Около минуты мы сидим, не проронив ни слова. Все это время Света, не отрываясь, смотрит прямо мне в затылок, отчего мне становится не по себе. Я специально отвернулась от нее, не желая лицезреть лицо этой, до недавнего, милой женщины.
— Ну? — наконец произносит Света, и я понимаю, что в ней накипело. — Так и будем молчать?
Молчу, усиленно делая вид, что меня тут нет, и сосредоточенно разглядываю узор на ковре.
— Ты, надеюсь, понимаешь, что твое поведение чересчур эксцентричное?

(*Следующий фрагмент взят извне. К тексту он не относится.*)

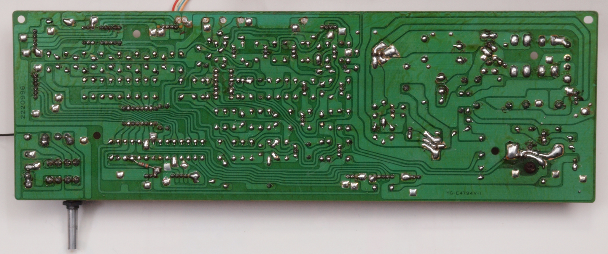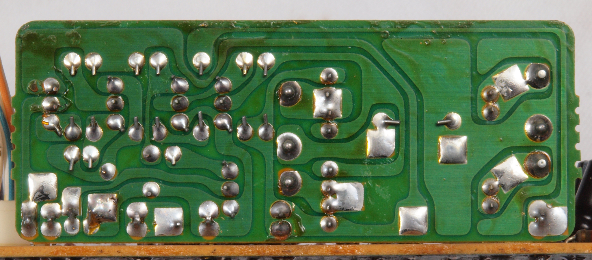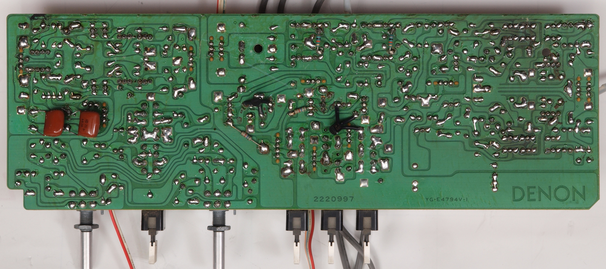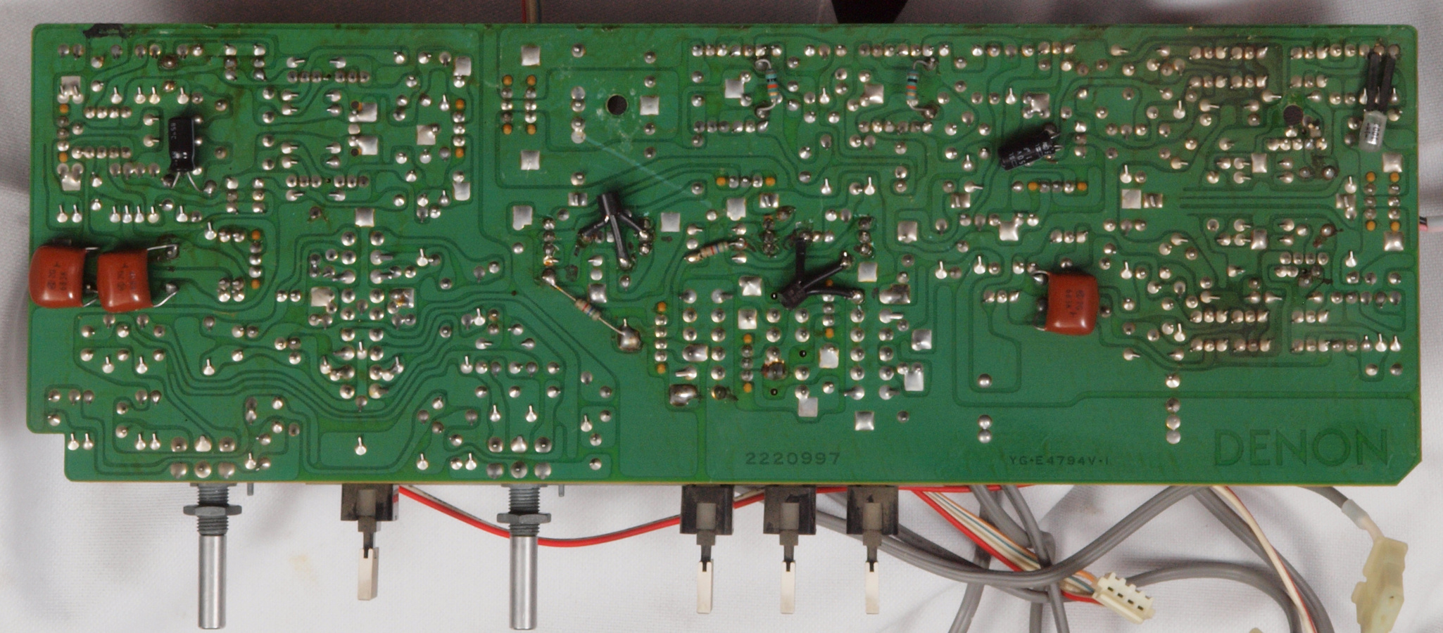 | C212. 修理中 EQ−AMP基板。 トルエン溶媒の接着剤。錫メッキジャンパー線が腐食している。 | ||||||||||||||||||||||||||||||||||||||||||||||||||||

Удивленно поворачиваюсь к ней и поднимаю одну бровь. Эксцентричное? Серьезно? Так мягко о моем поведении еще никто не выражался.
— Довольно в гляделки со мной играть! — восклицает вожатая, хлопая ладонью по столу.
Света встает и, складывая руки на груди, прохаживается по своему полукруглому кабинету.
— Без тебя мне проблем мало как будто… — начинает она, и я понимаю, что залипла тут надолго. — С утра пропадаешь где-то, пропустила праздничный митинг, а когда объявилась, устроила драку в столовой! Где это видано, что ребенок приносит проблемы ровно как своим присутствием, так и отсутствием!
Пытаюсь вникнуть в смысл ее слов и понять, про какой митинг она говорит. А, наверно, про то возложение несчастной гвоздики к обелиску, расположенному на территории лагеря…
— Я звоню отцу, — докладывает Света и срывает телефонную трубку, делая пятую попытку дозвониться до моего предка.
Все это мне порядком начинает надоедать.
— Светлана Юрьевна, — доносится голос из-за запертой двери. — Светлана Юрьевна!..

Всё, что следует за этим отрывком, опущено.